9m:23s – vCenter, hosted on this failed cluster, has restarted and starts to respond to ping.
11m:50s – First successful attempt login to vCenter (hurry up vCenter! :)
12m:03s – vCenter login successful and things look good – all guest VMs have restarted.
…so it took just over 12 minutes for the infrastructure to recover…. without any human intervention at all. All the guest VMs are powered back on and are running. Sure, they will be going through their crash-recovery procedures and you probably need to fix up some applications, but the infrastructure is up and stable (which is of course a prerequisite before you can even start to troubleshoot the applications).
OK, so what?
You’ve just witnessed the power of treating your storage like any other application or VM in your environment.
You can see the Nutanix Controller VMs sitting next to the Windows Guest VMs on the vCenter screen. By remaining independent of the hypervisor, and independent of vCenter, your software-defined storage can self-recover from a complete power failure without any human intervention, no reliance on other technologies, and then your workloads can start as you’d expect (or want!) them to in a failure scenario.

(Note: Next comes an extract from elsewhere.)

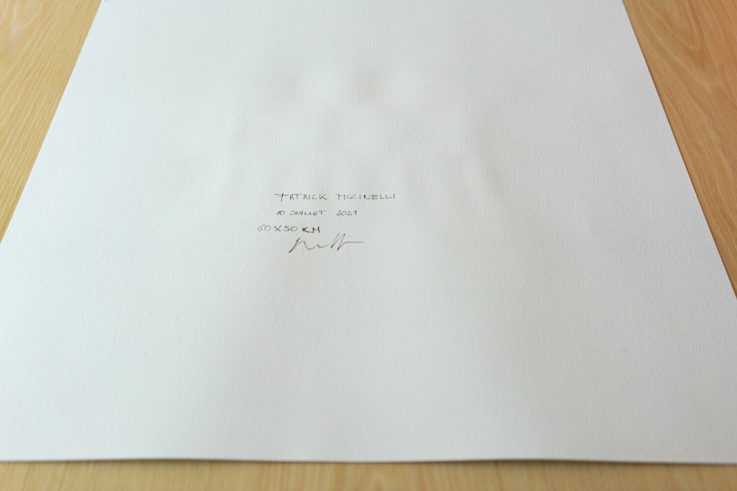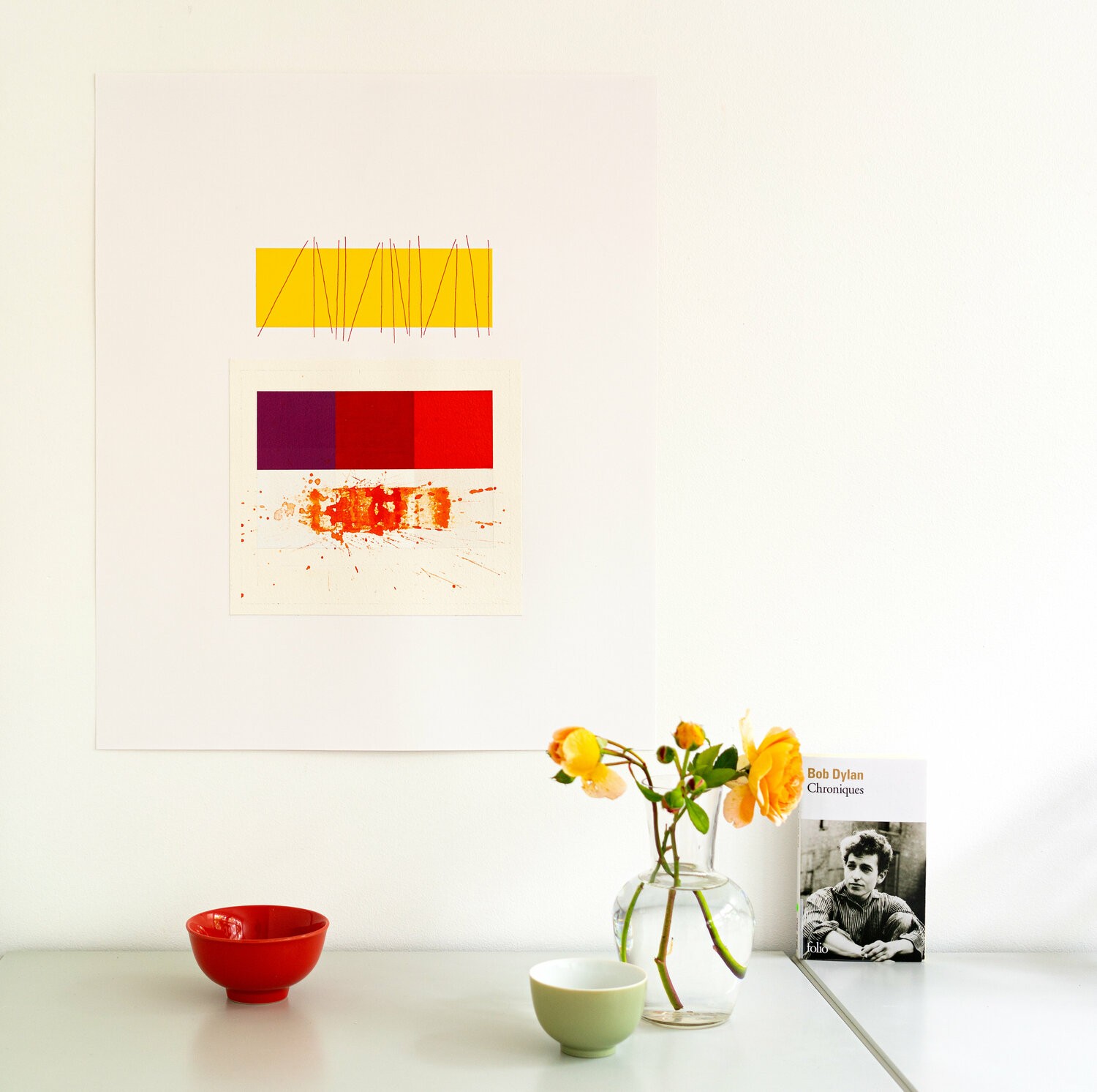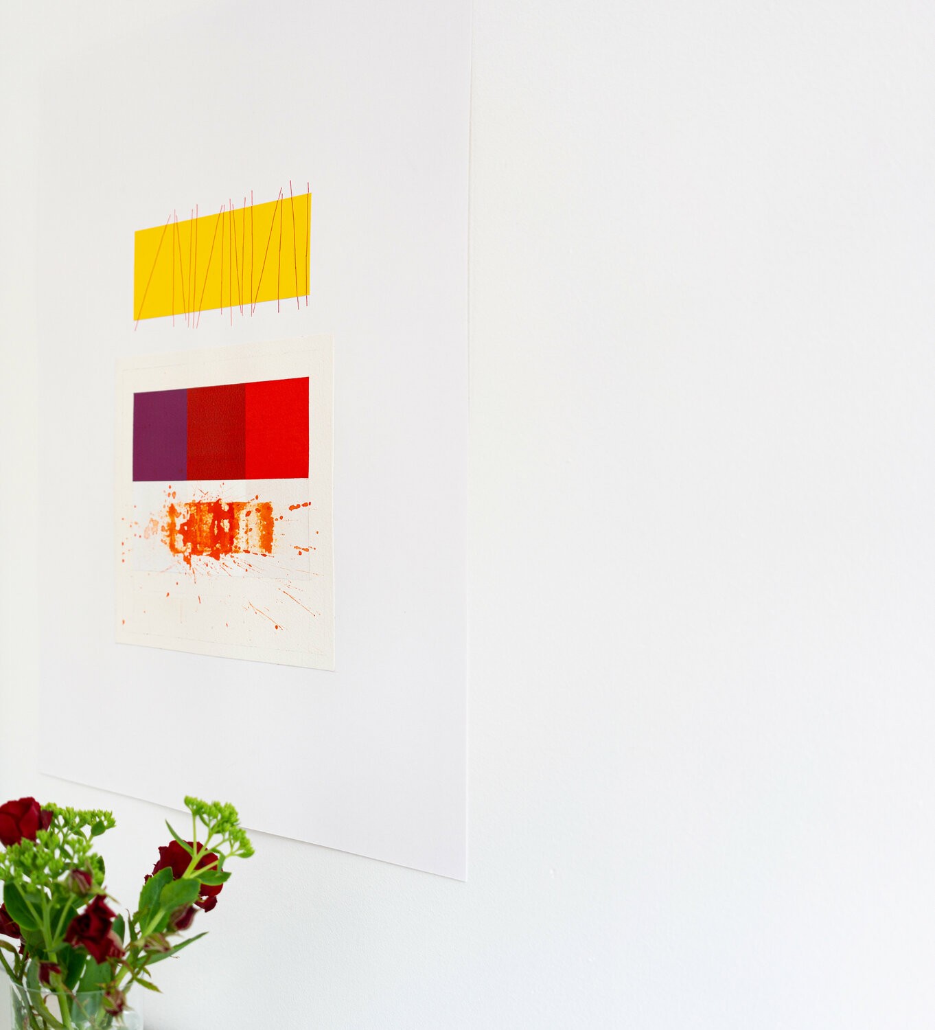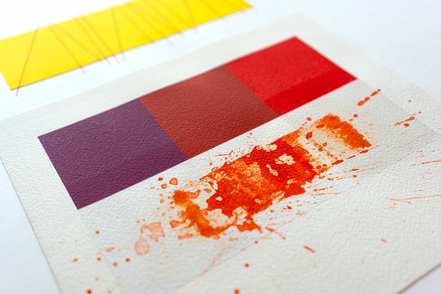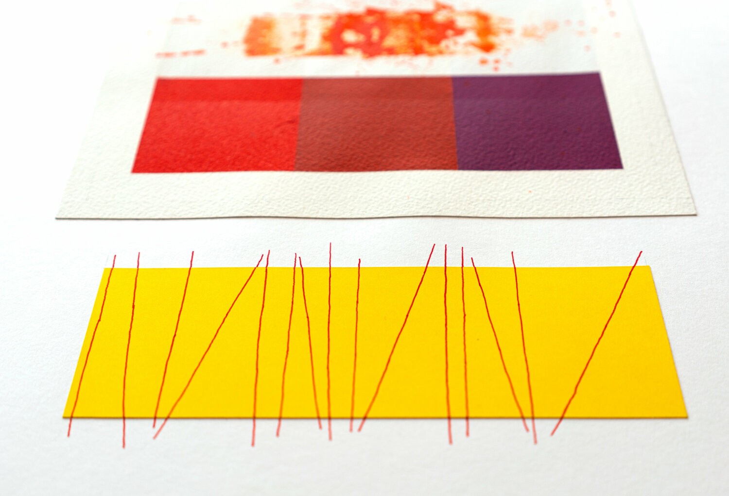 The center of the composition consists of a rectangle formed by 3 squares. On the left a purple square; on the right a light cadmium red square; the central square is a color formed by the addition of purple and red (in successive layers).This central rectangular element is put into a chromatic and formal dialogue with the top and bottom elements. The top rectangle is made by gluing yellow tinted paper cut to the same size as the central element.

There is no need for external “witnesses”, no mucking around, no hours/days of downtime while you speak to the vendor to help you recover…just get the job done and production back to normal ASAP.
The Nutanix software does the hard work for you. Software is where it’s at in 2016!
By contrast, what if you had “traditional” separate servers and storage, how long would it take to recover from a complete power outage of both? What about a failure of the SAN only? If you were to do the same with your SAN (pull the power hard) what would happen? How long would it take for you to recover it? Could you get away with not touching it at all and expect it to recover and VM workloads would be fine as well?
Remember, no one who pays the bills cares – they just want the applications UP.
In fact, this is how I normally move my Nutanix block around – I usually just pull the power. It saves me some time :)
Why do this test? (or “Whatever…my DC is designed to prevent power loss!”)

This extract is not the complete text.